I have no shortage of project ideas, and the number of ideas always exceeds the number of projects I can reasonably complete. The ideas range from super easy (furoshiki) to not particularly difficult (fitted sheets, knit fabric projects like T-shirts and underwear) to complex (jackets and coats), from the familiar to the novel. In comparing what I’d like to make to what I usually end up making, I’ve noticed that I tend towards the easy and familiar, which means there are a lot of things I’d like to be able to make but tend to avoid even trying.
Why do I avoid them? They’re harder and tend to require some experimentation in order for the finished product to not suck. I don’t object to putting a lot of time into a project, but I want to see some progress. Two hours of a repetitive task like pleating gives more tangible results than two hours of repeatedly fitting a pair of trousers/pants, so it feels like I’ve accomplished more. But I suppose it’s apples and oranges: quantity of product versus quantity of time put in trying to learn something.

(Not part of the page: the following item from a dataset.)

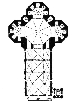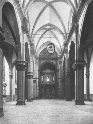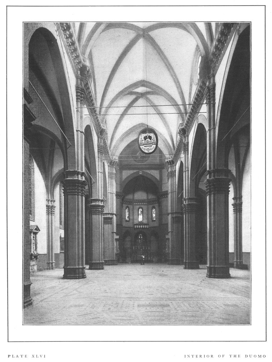 Writing of the Duomo as a whole, Mr. C. E. Norton says: "Its size gives it dignity, and its effect is powerful from the simplicity and largeness of its design. A nave of four enormous bays is stopped upon a vast octagonal space, from which, at the east, the north, and the south, are built out three pentagonal tribunes or apses, which, as seen on the outside, give to the church the common cruciform shape. The proportions of the interior are on an enormous scale, by which the apparent size of the building is diminished rather than increased. There is nothing either in the general conception or in the working-out of the details which corresponds with that principle, characteristic of the best Northern Gothic, of complex organization, in which each minor part contributes to the vital unity of the whole edifice. The Duomo presents, on the contrary, an assemblage of separate vast features arbitrarily associated, rather than united by any law of mutual relation into a completely harmonious whole. It does not display that lavish wealth of fancy in ever-changing variety and abundance of detail which gives inexhaustible charm to a true Gothic edifice. But it is impressive within from its vast open spaces, and from the stately and simple, though barren, grandeur of its piers and vaults and walls.

When fitting, I’m never quite sure that the proposed alteration is going to make it better rather than worse, which I find discouraging. I’ve got a couple of fitting books, but I haven’t found them very helpful.
But I think the crux of the issue for me is that I hate throwing fabric (or anything else) in the garbage. I’m not really a packrat – I just hate waste. This means that before I make a muslin or any garment that isn’t guaranteed to be wearable, I fret about what to do with it to keep it out of landfill. That tends to kill my enthusiasm.

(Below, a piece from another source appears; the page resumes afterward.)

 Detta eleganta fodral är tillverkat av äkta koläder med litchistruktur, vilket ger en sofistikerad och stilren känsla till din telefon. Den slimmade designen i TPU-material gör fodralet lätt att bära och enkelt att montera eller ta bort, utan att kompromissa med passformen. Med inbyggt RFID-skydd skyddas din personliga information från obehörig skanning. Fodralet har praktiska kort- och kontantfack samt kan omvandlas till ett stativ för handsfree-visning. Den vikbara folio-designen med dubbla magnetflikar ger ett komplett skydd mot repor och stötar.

If I knew before I started that there was something I could do with the wadders other than literally binning them, I think I’d be able to give myself permission to take the chances that might result in a screw-up.
I don’t have kids who could play with the wadders. There are only so many rags one can use when one doesn’t change oil for a living, and I’m highly unlikely to do anything with the scraps myself, such make quilts or rag rugs. I don’t think I know anyone personally who’d want the stuff. I think I found one business in my new city that may be able to recycle rags, but I’m not convinced the place still exists – I may have simply found its internet ghost. I have seen the occasional request on Freecycle for scrap fabric – that might be worth exploring.
Does anyone have any other clever ideas on how to responsibly dispose of scrap fabric?